# questions for all



## Guest (Dec 10, 2009)

i posted elsewhere but i think i should have done it here....


i looked around and couldnt seem to find anyone with questions exactly like mine...
im looking for a good beginner board, is there any brand specific to beginner? :thumbsup: ive been looking for a used one on craigslist and there are some good deals.

first thing i wanted to get squared away is the :thumbsup: board length
because i have seen sizing charts that set me at a 148 
and then i have read elsewhere that i am to be looking for a board longer than that.

ALSO... i feel like some womens boots dont fit my ankle right because they are too tight. possibly i may just need to try more brands but the mens boot feels much better. i also understand that mens bindings fit mens boots and womens likewise. i know they say womens products are better for women but :thumbsup: when you rent a board, do they give out rental products specific to gender? i dont feel like they did last time i went, i could be wrong.

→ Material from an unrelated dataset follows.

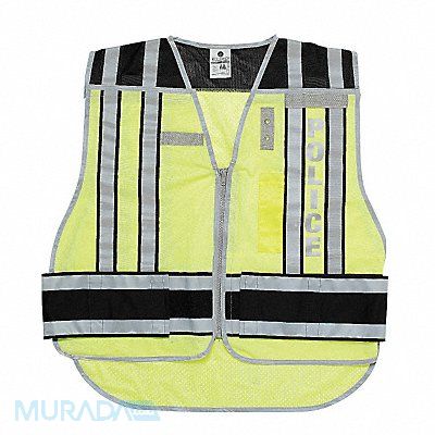 E7855 Safety Vest Black Green Police 2 Vest Size 2XL Vest Closure Type Zipper Vest Material Polyester Fits Chest Size 64 in Vest Length 27 1/2 in Stripe Color Silver Standards ANSI 107

with all that said, i hope i am making sense. its not like i just jumped onto this website without doing any research, i am just looking for more direction please. i plan on taking a lesson once i get up on the moutain in january.

Height: 5'7
Weight: 160ish, maybe a few more
Boot size: Mens 9, Womens 10.5
Riding style: beginner, freeride [only rode 1 time 2 yrs ago]
Age: 24
Location: i am going to be in lake tahoe, possibly Sierra ski resort


----------



## picturethis (Dec 7, 2009)

get a neversummer Evo-R they are so buttery or maybe a noodle but a twin board that has a softer rating


----------